## DATA BLOCK
···

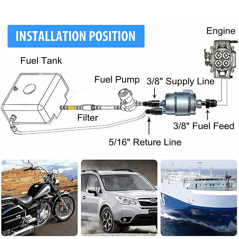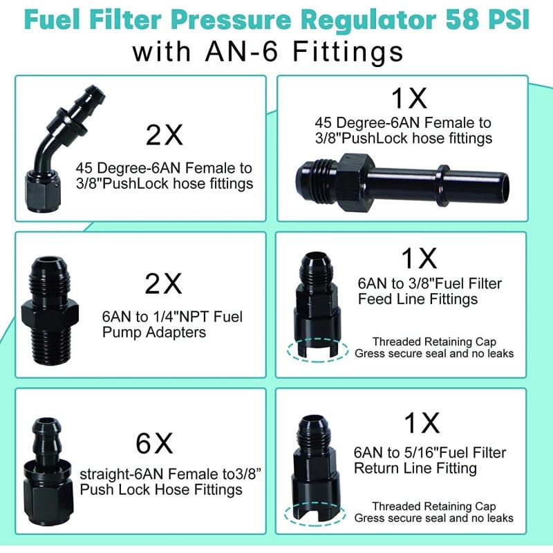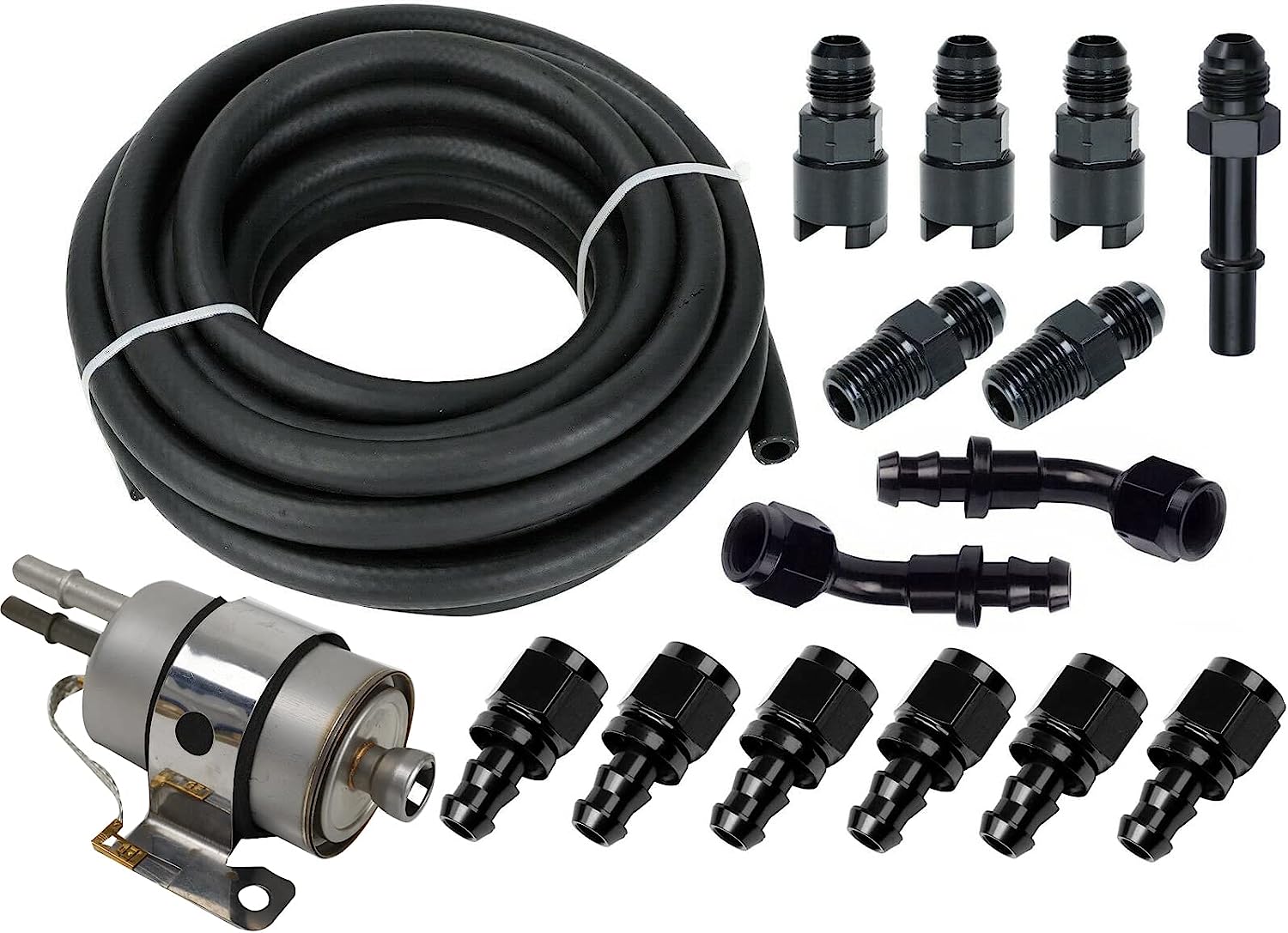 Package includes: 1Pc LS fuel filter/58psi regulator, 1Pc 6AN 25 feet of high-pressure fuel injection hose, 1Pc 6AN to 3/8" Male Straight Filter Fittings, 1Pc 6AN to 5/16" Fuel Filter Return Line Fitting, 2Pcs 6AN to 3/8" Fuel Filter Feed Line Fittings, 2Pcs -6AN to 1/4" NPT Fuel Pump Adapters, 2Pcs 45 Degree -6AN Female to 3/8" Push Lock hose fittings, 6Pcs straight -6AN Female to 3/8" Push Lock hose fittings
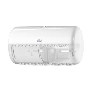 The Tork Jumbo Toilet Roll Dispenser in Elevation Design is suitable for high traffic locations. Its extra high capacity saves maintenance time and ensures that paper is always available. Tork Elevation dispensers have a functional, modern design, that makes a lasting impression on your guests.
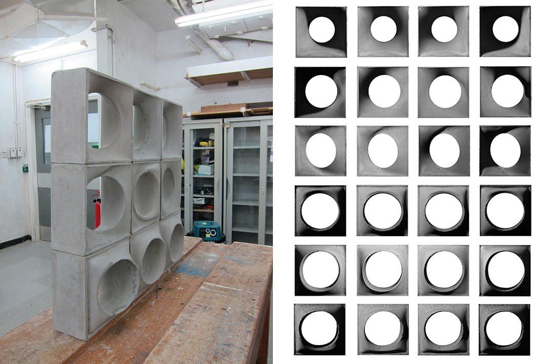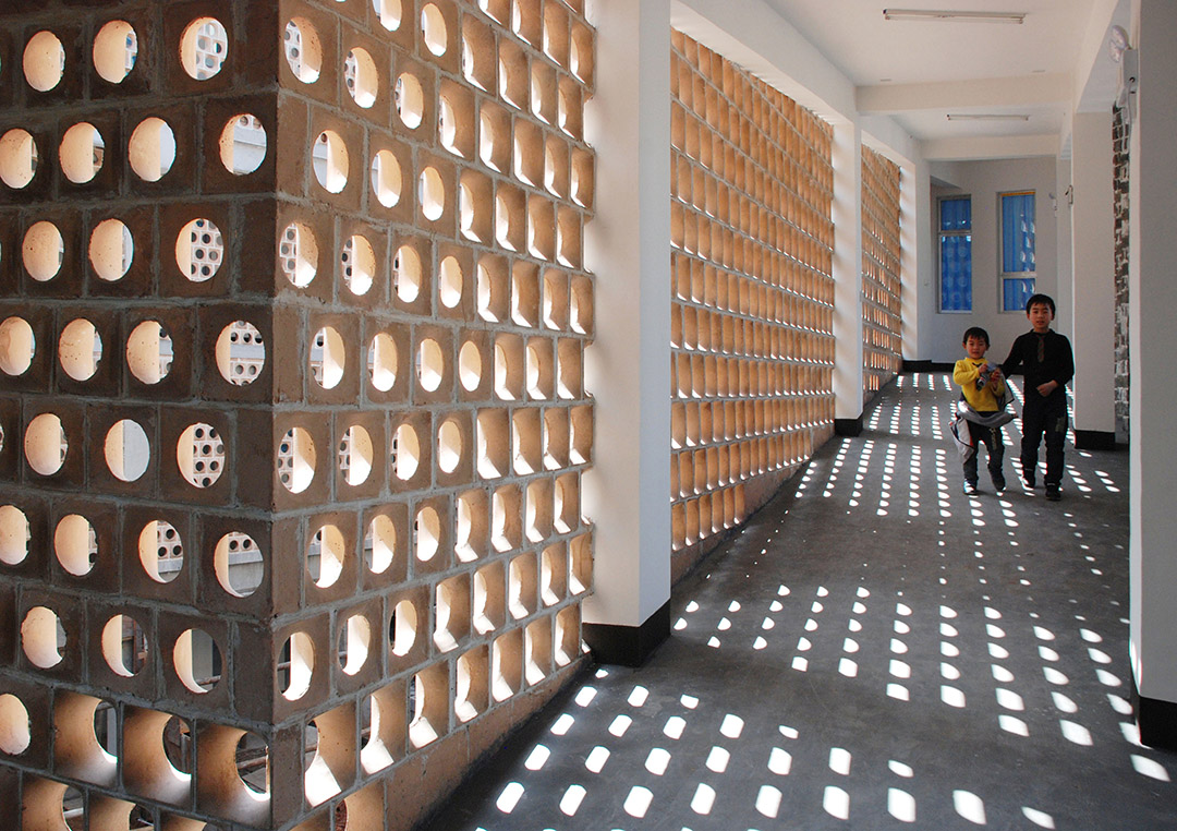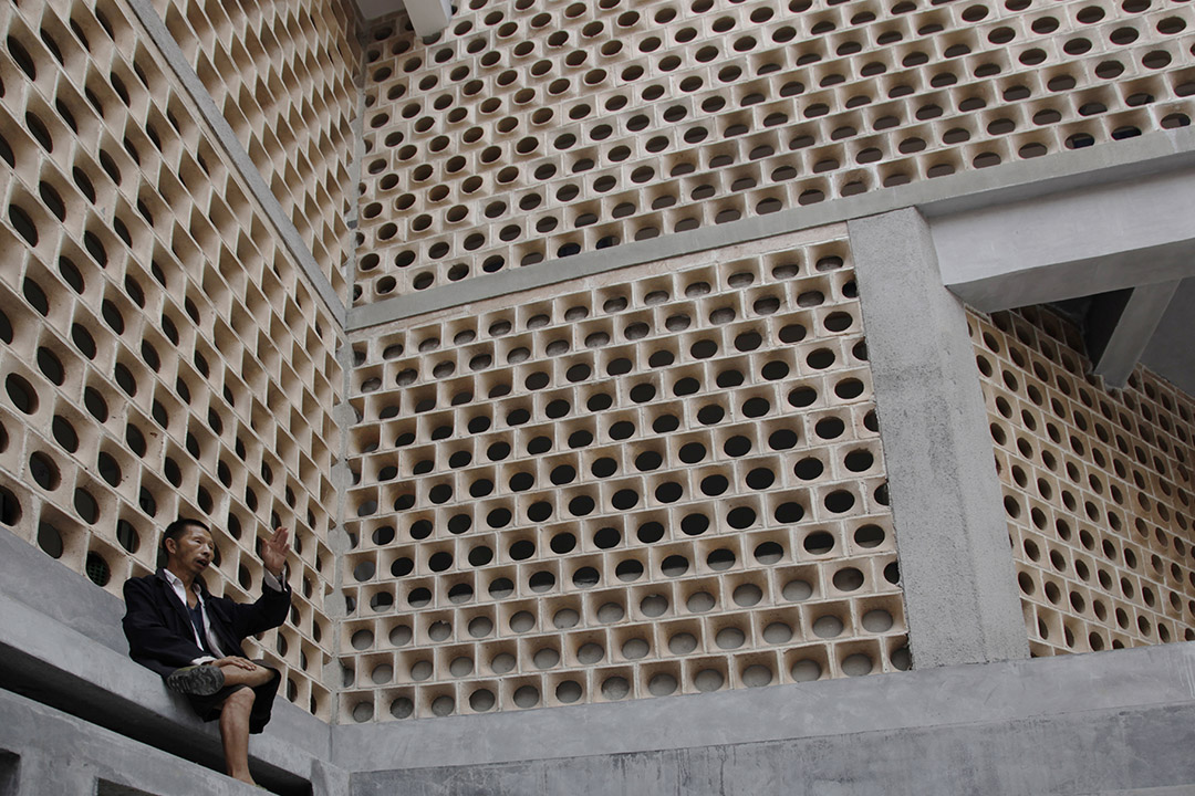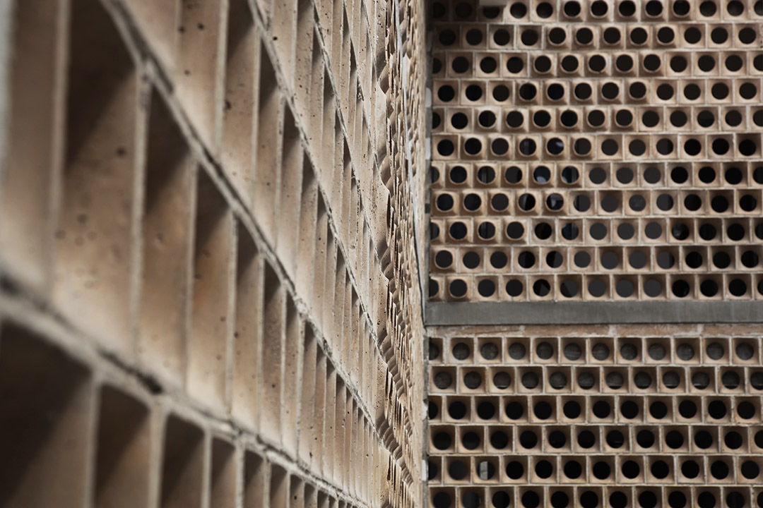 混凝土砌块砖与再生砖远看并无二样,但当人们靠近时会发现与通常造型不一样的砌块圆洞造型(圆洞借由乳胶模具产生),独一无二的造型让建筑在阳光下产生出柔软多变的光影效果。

···

## REQUIRED WORK
Output the listing above in full and exactly, with pictures excluded.

## ANSWER TO THIS EXERCISE
 Package includes: 1Pc LS fuel filter/58psi regulator, 1Pc 6AN 25 feet of high-pressure fuel injection hose, 1Pc 6AN to 3/8" Male Straight Filter Fittings, 1Pc 6AN to 5/16" Fuel Filter Return Line Fitting, 2Pcs 6AN to 3/8" Fuel Filter Feed Line Fittings, 2Pcs -6AN to 1/4" NPT Fuel Pump Adapters, 2Pcs 45 Degree -6AN Female to 3/8" Push Lock hose fittings, 6Pcs straight -6AN Female to 3/8" Push Lock hose fittings
 The Tork Jumbo Toilet Roll Dispenser in Elevation Design is suitable for high traffic locations. Its extra high capacity saves maintenance time and ensures that paper is always available. Tork Elevation dispensers have a functional, modern design, that makes a lasting impression on your guests.
 混凝土砌块砖与再生砖远看并无二样,但当人们靠近时会发现与通常造型不一样的砌块圆洞造型(圆洞借由乳胶模具产生),独一无二的造型让建筑在阳光下产生出柔软多变的光影效果。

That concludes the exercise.